Task goal
Give the data below again exactly as it stands. Omit the pictures.

Data block
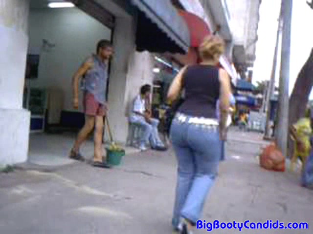 Filming a beautiful big booty babe in tight blue jeans
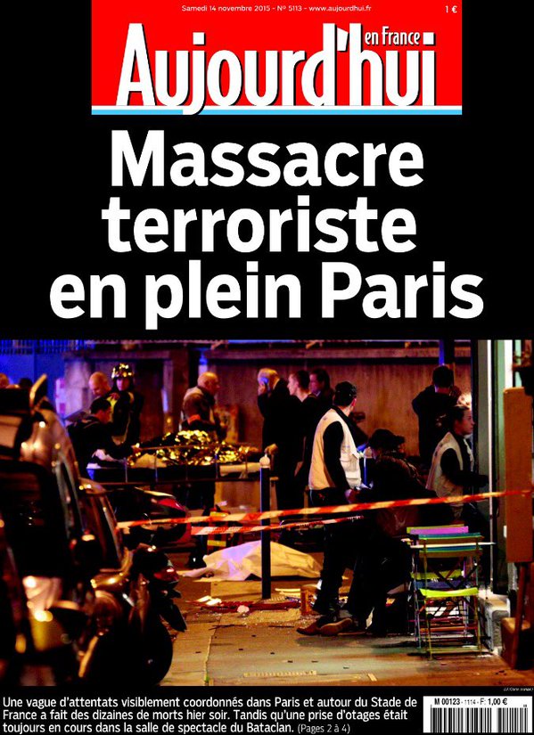 Με τίτλο «Σφαγή απο τρομοκράτες σε όλο το Παρίσι» θα κυκλοφορήσει η «Aujourd’hui».
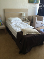 Приехала в санаторий после 14.00, разместили сразу же. Номер на 7 этаже, вид на территорию ( на момент бронирования все одноместные номера с видом на море были отданы госзаказу). И сразу же удивление ( это мягко сказано)! Кровать в номере 90 см в ширину!!!! Когда смотрела фото на сайте санатория, то было понятно, что кровать не широкая, но на 90 см она никак не смотрится, минимум 120 см! Я не обладаю крупными формами, ношу 44-46(российский) размер одежды, НО НА ТАКОЙ КРОВАТИ Я В ПОСЛЕДНИЙ РАЗ СПАЛА В ПИОНЕРСКОМ ЛАГЕРЕ!!!!! Кстати, одеяло не более 120 см в ширину!

Task answer
 Filming a beautiful big booty babe in tight blue jeans
 Με τίτλο «Σφαγή απο τρομοκράτες σε όλο το Παρίσι» θα κυκλοφορήσει η «Aujourd’hui».
 Приехала в санаторий после 14.00, разместили сразу же. Номер на 7 этаже, вид на территорию ( на момент бронирования все одноместные номера с видом на море были отданы госзаказу). И сразу же удивление ( это мягко сказано)! Кровать в номере 90 см в ширину!!!! Когда смотрела фото на сайте санатория, то было понятно, что кровать не широкая, но на 90 см она никак не смотрится, минимум 120 см! Я не обладаю крупными формами, ношу 44-46(российский) размер одежды, НО НА ТАКОЙ КРОВАТИ Я В ПОСЛЕДНИЙ РАЗ СПАЛА В ПИОНЕРСКОМ ЛАГЕРЕ!!!!! Кстати, одеяло не более 120 см в ширину!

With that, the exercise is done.